もらうこと

もらうこと

ものを受け取るということ

もらうことって、なんだろうなと思う

あげるひとがいて、もらう人がいて

あげたいと思う心があって、ありがとうと受け取る心がある

いつも、私を気にしてくださるuさんという方がいる 仕事で月に一度お会いする中でその人柄にふれ、私もとても慕っている方。 30以上年の離れた私をきっと娘のように思ってくれていて、可愛がってくれるのだ。うれしい。 いつもお花を分けてくださったり、おかずを届けてくださったり、お出かけすればお土産を買ってきてくれる。私、人にあげるのが好きなの!気にしないでね!と本当にびっくりするくらいたくさんの食材やお土産をくれるのだ。いつもuさんと会った後は両手いっぱいにお土産を持って帰ることになる。手作りの煮物、サラダ、季節の炊き込みご飯、明日のお弁当の分とお母さんの分、と分けてくれてタッパーに詰めてある。それから季節の果物、野菜、お花、苗、冷凍食品、時には下味を付けた生肉、それから花瓶まで!

私はuさんから、「受け取る」ということをたくさん経験させてもらって、それを素直に喜ぶことができるようになったんだなと思っている。

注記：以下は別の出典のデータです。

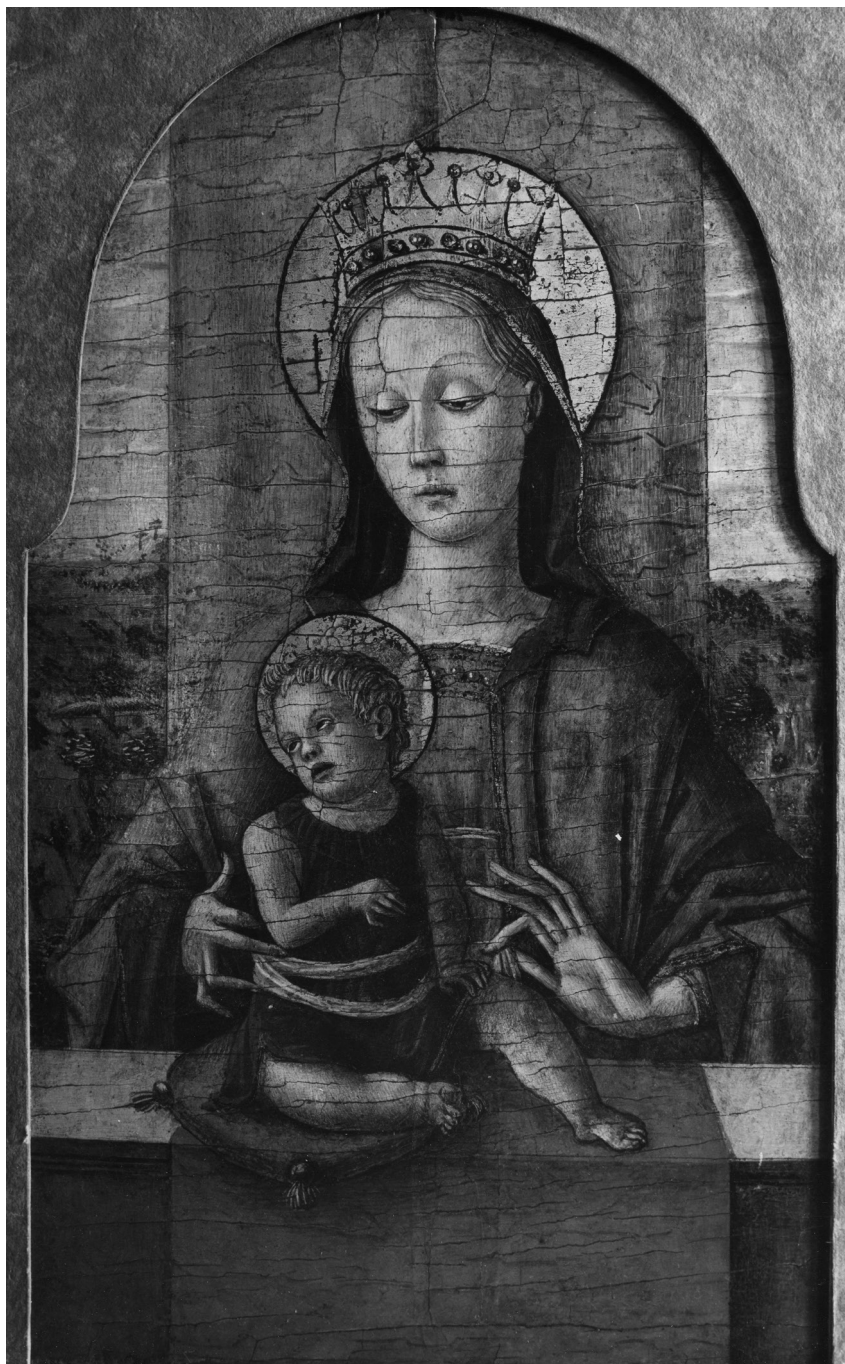
Fig. 11. Carlo Crivelli, Madonna con il Bambino (già Speyer, poi Cini), 1455 circa, 28×18 cm, tempera e olio su tavola, Venezia, Fondazione Giorgio Cini, Fototeca dell'Istituto di Storia dell'Arte, Fondo Pallucchini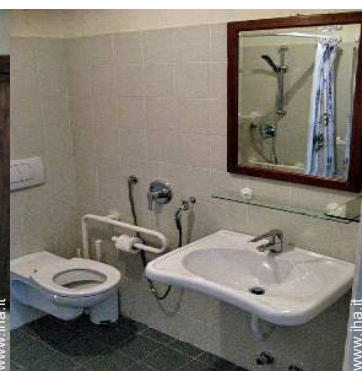
stanza di servizio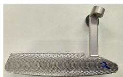
SQUARE BLADE DEEP MILLED Wt 317.0g

ついこの間も、朝職場に電話があり 今日のお昼休み、よかったら食べにこない?とランチのお誘いをいただいた。私はふたつ返事ではーい!と答えて、持ってきていたお昼用のおにぎりを仕事前に口に詰め込んだ。お昼はuさんのごはんを食べるのだ♪

午前の仕事が終わってuさんの家に行く その日は12月26日 ふふふ。実はわたしも今日連絡をいただく前から仕事帰りにでもuさんのお家に行こうと思っていた。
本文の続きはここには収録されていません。